We compute these distances using the custom KNN implementation from the
repository to remain consistent with the DBSCAN distance metric.

### Standardization Note

Although DBSCAN does not require scaling in theory, distance-based neighborhoods
are sensitive to feature scale. We therefore work with standardized features
in subsequent analysis.

In [None]:
X_std = standardize(X)

from rice_ml.supervised_learning.knn import KNNClassifier

min_samples = 10
k = min_samples - 1

knn = KNNClassifier(n_neighbors=k, metric="euclidean")
knn.fit(X_std, np.zeros(len(X_std)))  # dummy labels

distances, _ = knn.kneighbors(X_std)
k_distances = np.sort(distances[:, -1])

plt.figure(figsize=(6, 4))
plt.plot(k_distances)
plt.title("k-Distance Plot (k = min_samples - 1)")
plt.xlabel("Sorted Points")
plt.ylabel("k-th Nearest Neighbor Distance")
plt.show()


### Interpretation

The k-distance curve exhibits a relatively flat region followed by a sharp
increase. The flat portion corresponds to points inside dense clusters, while
the steep rise indicates sparse regions and noise. The transition point (the
“elbow”) provides an empirical estimate for a suitable value of $\varepsilon$.
Choosing $\varepsilon$ near this elbow balances cluster completeness with noise
separation.

### Local Density Visualization via k-NN Distances

To better understand how density varies across the feature space, we color each
point by its distance to the k-th nearest neighbor. Smaller values indicate
denser regions.

In [None]:
plt.figure(figsize=(6, 6))
plt.scatter(
    X_std[:, 0],
    X_std[:, 1],
    c=distances[:, -1],
    cmap="viridis",
    s=25
)
plt.colorbar(label="k-th Nearest Neighbor Distance")
plt.title("Local Density Visualization")
plt.xlabel("Standardized x1")
plt.ylabel("Standardized x2")
plt.show()


## Interpretation

Dense cluster cores appear as darker regions (small k-NN distance), while lighter
regions correspond to boundaries and sparse areas. This visualization highlights
variation in density across clusters and explains why DBSCAN may label certain
boundary points as noise.

### Noise Sensitivity Preview

As a final EDA step, we apply DBSCAN using a relatively small $\varepsilon$ to
observe which points are most sensitive to density requirements.

In [None]:
dbscan_preview = DBSCAN(eps=0.2, min_samples=10)
labels_preview = dbscan_preview.fit_predict(X_std)
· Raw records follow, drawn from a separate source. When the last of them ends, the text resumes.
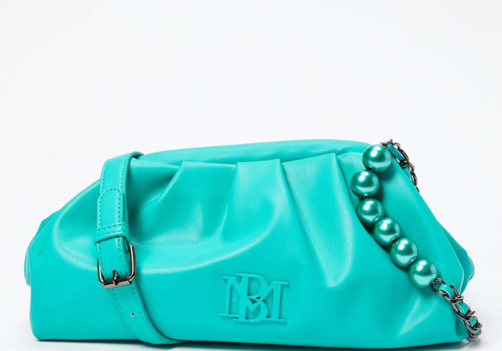 Green Beaded Crossbody Bag| A trendy crossbody bag with a long beaded strap and snap closure|12'' W x 8'' H x 4'' D23'' strap dropLinedPolyester / polyurethaneSnap closureInterior; one zip and one slip pocketImported
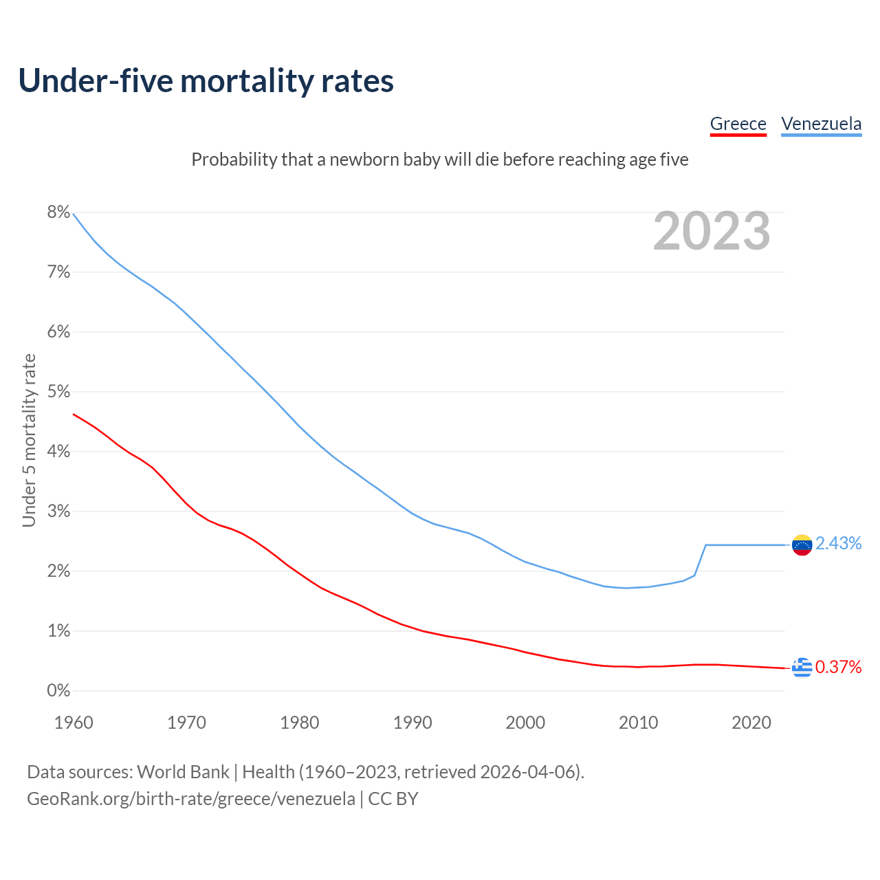 The chance that a newborn baby will die before reaching age five is 0.37% in Greece and 2.43% in Venezuela. Above is a chart with historical data on under-five mortality rates.
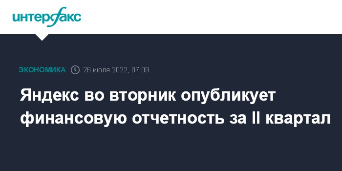 Яндекс во вторник опубликует финансовую отчетность за II квартал
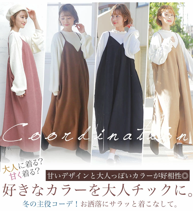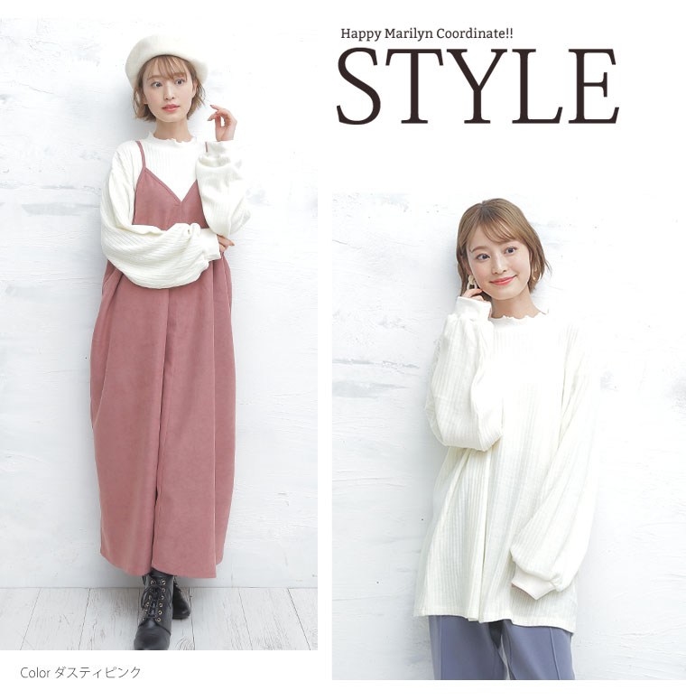 楽ちんにゆったり着れる!スッキリ魅せリブトップス×キャミワンピース

plt.figure(figsize=(6, 5))
plt.scatter(
    X_std[:, 0],
    X_std[:, 1],
    c=labels_preview,
    cmap="tab10",
    s=20
)
plt.title("Preview Clustering with Small ε")
plt.xlabel("Standardized x1")
plt.ylabel("Standardized x2")
plt.show()


### Interpretation

With a smaller neighborhood radius, only the densest regions remain clustered,
while boundary and sparse points are labeled as noise. This preview reinforces
the density-based intuition of DBSCAN and illustrates the tradeoff controlled by
$\varepsilon$.

## EDA Summary

Exploratory analysis reveals a dataset composed of multiple dense, irregularly
shaped clusters with varying local density. k-nearest neighbor distance analysis
provides empirical guidance for selecting $\varepsilon$, while density
visualization explains DBSCAN’s noise assignments. These findings strongly
justify the use of DBSCAN over centroid-based clustering methods.

## Applying DBSCAN


In [None]:
dbscan = DBSCAN(
    eps=0.3,
    min_samples=10
)

labels = dbscan.fit_predict(X_std)


## Understanding Cluster Labels

In [None]:
unique_labels, counts = np.unique(labels, return_counts=True)
dict(zip(unique_labels, counts))


## Visualizing DBSCAN Results

In [None]:
plt.figure(figsize=(7, 6))

scatter = plt.scatter(
    X_std[:, 0],
    X_std[:, 1],
    c=labels,
    cmap="tab10",
    s=25
)

plt.title("DBSCAN Clustering — Aggregation Dataset")
plt.xlabel("Standardized x1")
plt.ylabel("Standardized x2")
plt.colorbar(scatter, label="Cluster Label")
plt.show()


## Interpretation of Results

DBSCAN successfully identifies:
- Multiple arbitrarily shaped clusters
- Clear separation of dense regions
- Boundary and sparse points as noise (-1)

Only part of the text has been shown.